N.B.: The difference between ‘conceptual’ (1) and
‘term-based’(2) similarities is that in the first case (1) each
text segment is represented by a feature vector concerning topics,
whereas in the second case (2) each text segment is represented by
a feature vector concerning words. In both cases the similarity
measure used is the Cosine coefficient.
According to the design of the user interface, in
this case - like in the RQA analysis (see section 'D' below) - the
user can choose between visualizing the global measures or the
transcripts of recurrent segments (see picture below). Moreover,
when a corpus subset is selected, two further measures are provided
concerning the 'self-similarity' (i.e. averaged cosine similarity)
between all pairs of text segments within the chosen corpus subset,
one (1) with and the other (2) without zero values included.

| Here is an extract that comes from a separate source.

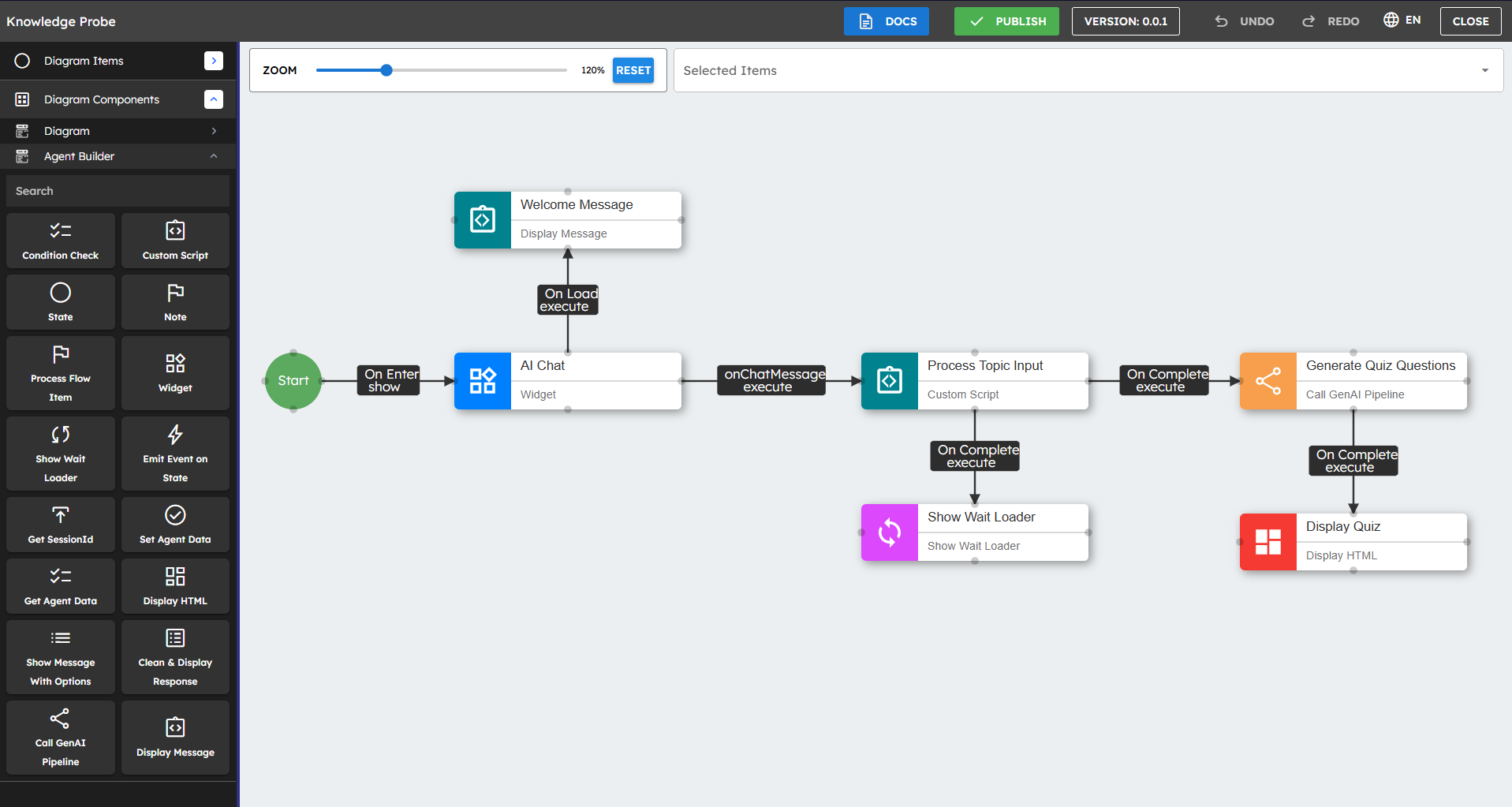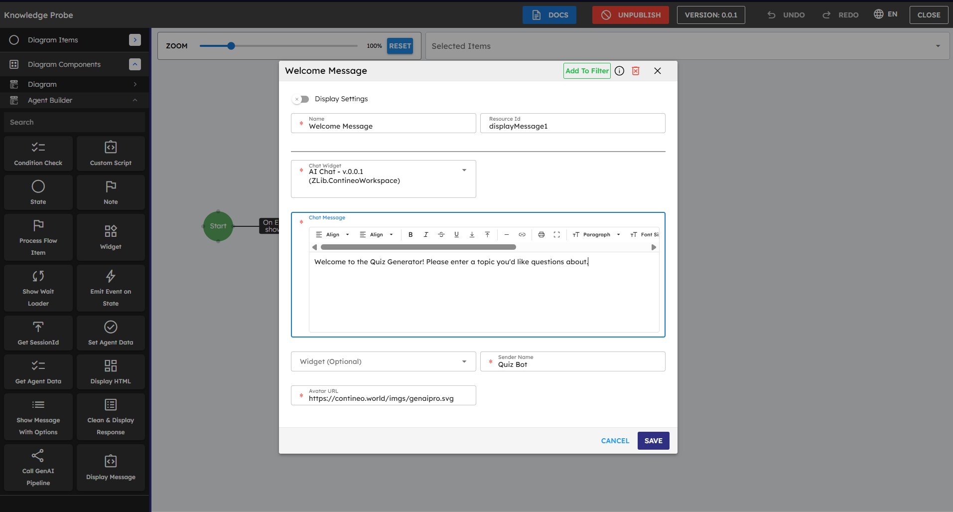 You have successfully created your Quiz Generator Pipeline. Return to your agent in the Agent Builder and connect it to this pipeline. Your agent can now use the AI capabilities you set up to create quiz questions based on user input.

Other
measures concerning similarities between all pairs of corpus
subsets can be exported by clicking the 'Export Data'
button.
Please remember that, unlike the RQA, the
'Similarity Measures' option considers only those text segments in
which at least two key-terms included in the user list are present.

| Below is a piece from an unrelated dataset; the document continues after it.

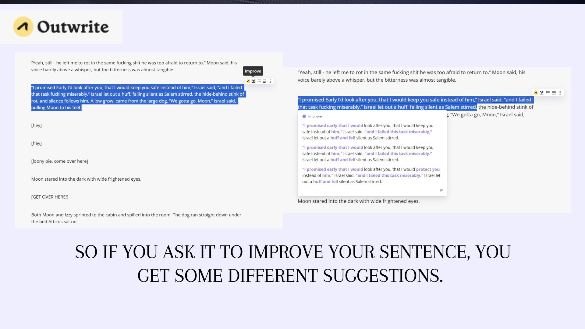 Even if I think the suggestions here are more relevant, and better than Sudowrite, then you have to edit them too – often it adds some words that is either not one you want to use, or in a tone you don’t use. So see the improve option as a crutch to change your sentence if you just hate everything about it.

This is in order to reduce biases in the Cosine computation.
D - Recurrence
Quantification Analysis (RQA)
RQA is a method of nonlinear data analysis for the
investigation of dynamical systems which quantifies the information
contained in a recurrence plot and detects the transitions in the
systems by analysing time series (see https://en.wikipedia.org/wiki/Recurrence_quantification_analysis
).
In this T-LAB tool, both in the case of the RQA Analysis and in the
case of the Sequence Analysis (i.e. Markovian Analysis), a time
series is represented by a categorical vector where each element is
an integer which corresponds to the topic assigned to the 'i' text
segment. However only in the case of the RQA a square matrix is
built where the time series is both in rows and in columns.

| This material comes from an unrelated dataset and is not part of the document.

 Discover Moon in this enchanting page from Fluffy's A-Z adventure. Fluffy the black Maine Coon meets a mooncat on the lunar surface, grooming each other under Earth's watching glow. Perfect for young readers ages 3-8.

When using the RQA tool, two main options are made always available
(see pictures below):
1-Show the RQA Measures;
2-Show the Selected Item.
In the first case, the standard
measures of RQA are provided (e.g. %REC, %DET, ENTR etc.**).
In the second case the excerpts of recurring text segments are
displayed.
In both cases, the mouse wheel allows zooming in and out. Moreover
two buttons allow the user to export both the picture and the
analysed data.
(**) For more information about the RQA measure see section ‘E’
below.
Please note that in the recurrence plot analysed with RQA
the representation is symmetric across the main diagonal and two
types of lines are particularly important: the diagonals parallel to the main diagonal and the
vertical lines (**). In fact these
lines mark the transitions present in the system and they are the
base for obtaining the various RQA measures.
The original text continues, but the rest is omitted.